NAME: xxxxxxxxxxxxxxxxxxxx       CASE: PD1300133
BRANCH OF SERVICE: AIR FORCE     BOARD DATE: 20130904
SEPARATION DATE: 20030502


SUMMARY OF CASE: Data extracted from the available evidence of record reflects that this covered individual (CI) was an active duty SRA/E-4 (3P03/Security Forces) medically separated for multiple mental health disorders. The CI initially sought treatment for depression, suicidal ideation, anxiety, and job related stressors in early 2002. Ultimately, two command directed evaluations were performed to determine his capability to carry a firearm. Treatment and counseling was initiated, but the conditions could not be adequately rehabilitated to meet the physical requirements of his Air Force Specialty or satisfy physical fitness standards. He was issued an S4 profile and referred for a Medical Evaluation Board (MEB). The mental health condition, characterized as dysthymic disorder, generalized anxiety disorder and posttraumatic stress disorder, was forwarded to the Physical Evaluation Board (PEB) IAW AFI 48-123. No other conditions were submitted by the MEB. The PEB adjudicated generalized anxiety disorder associated with dysthymic disorder, existed prior to service [EPTS], and posttraumatic stress disorder (PTSD), EPTS, definite social and industrial adaptability impairment as unfitting, rated 30%, less EPTS factor of 10%, citing criteria of the Department of Defense Instruction (DoDI) 1332.39 and Veterans Affairs Schedule for Rating Disabilities (VASRD). The CI made no appeals and was medically separated.

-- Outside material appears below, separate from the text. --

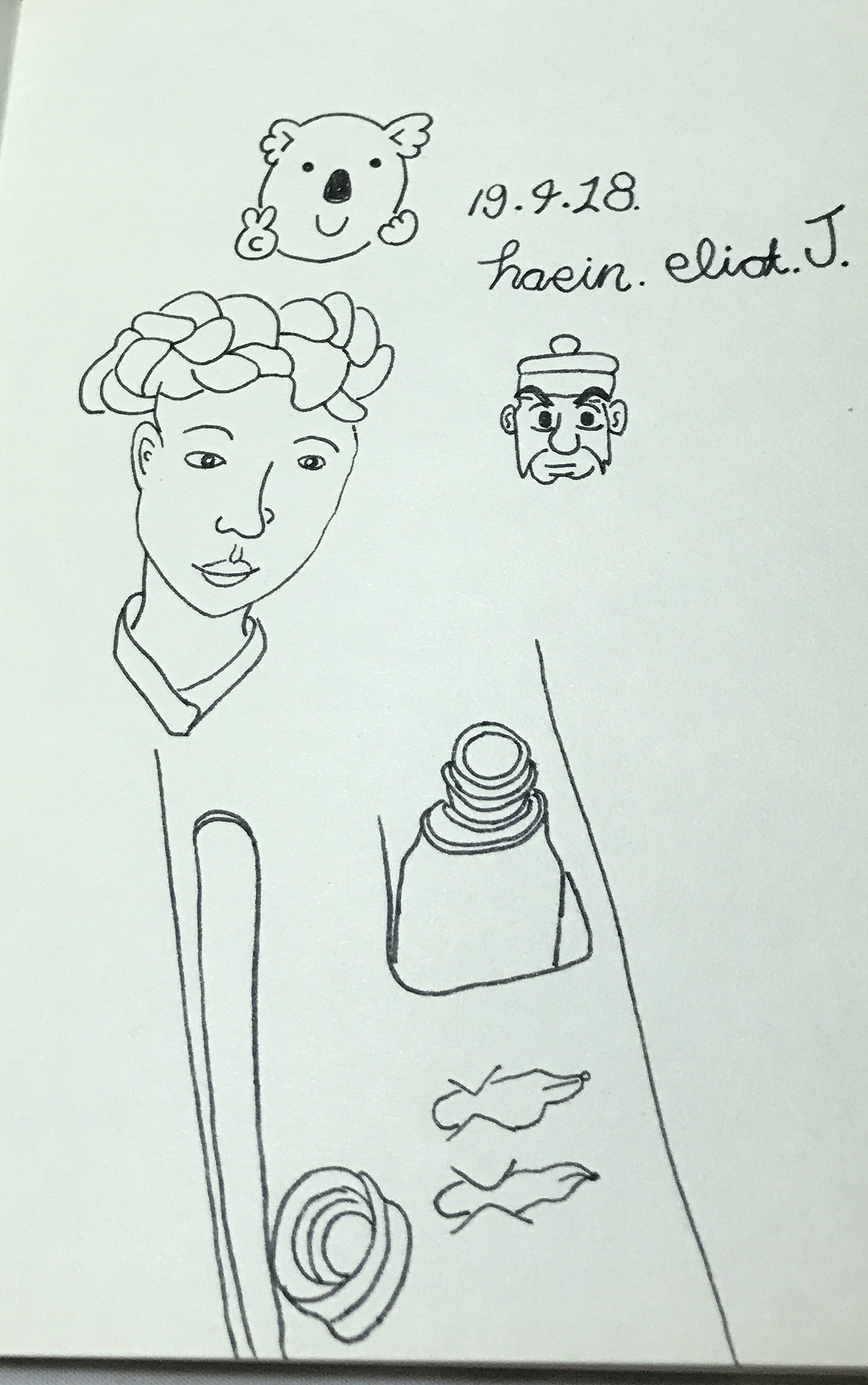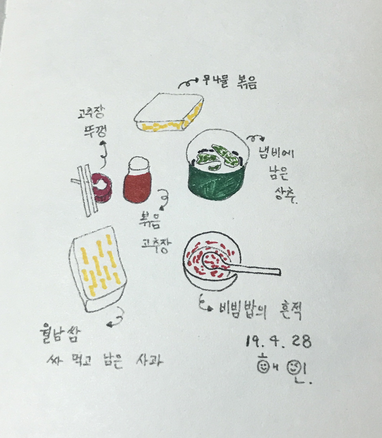 밥 먹고 나서 상 위에 있는 것들을 그렸다.

CI CONTENTION: I request retirement from the Air Force. My rating should be changed because the Air Force only evaluated my condition based on if l could do my Air Force job. Basically, could I go to war. My rating from the VA shows that because of my PTSD that I can not do any job. The same government found me 100 percent disabled. I feel that based on the rating from the VA, I should have been rating higher from the Air Force There was a problem with the VA at the start of my rating. The VA failed to give me a Comp and Pen exam. When the first rating was done it was only 0 percent. Because of my mental health condition, I did not go back to the VA to work on my claim. But, for the ten years that I did nothing with my claim I was seeing a doctor for my PTSD. I was admitted to the hospital twice for one week stay each time. Also, over the last ten years, I would have to go to the ER for panic attacks monthly. While I did not work on my claim, I did seek mental health care. I refiled my VA claim on November 2, 2012. The VA sent me to a Comp and Pen Exam, and based on all of my treatment records for ten years and the results of that C&P the VA granted me a 100 percent rating for PTSD. I content that my condition was as bad in 2003 as it was in 2012. I the VA would have examined me, I would have been granted 100 percent in 2003. The CI also attached statement to his application and submitted a supplemental statement, requesting a case review by the PDBR, which was reviewed by the Board and considered in its recommendations.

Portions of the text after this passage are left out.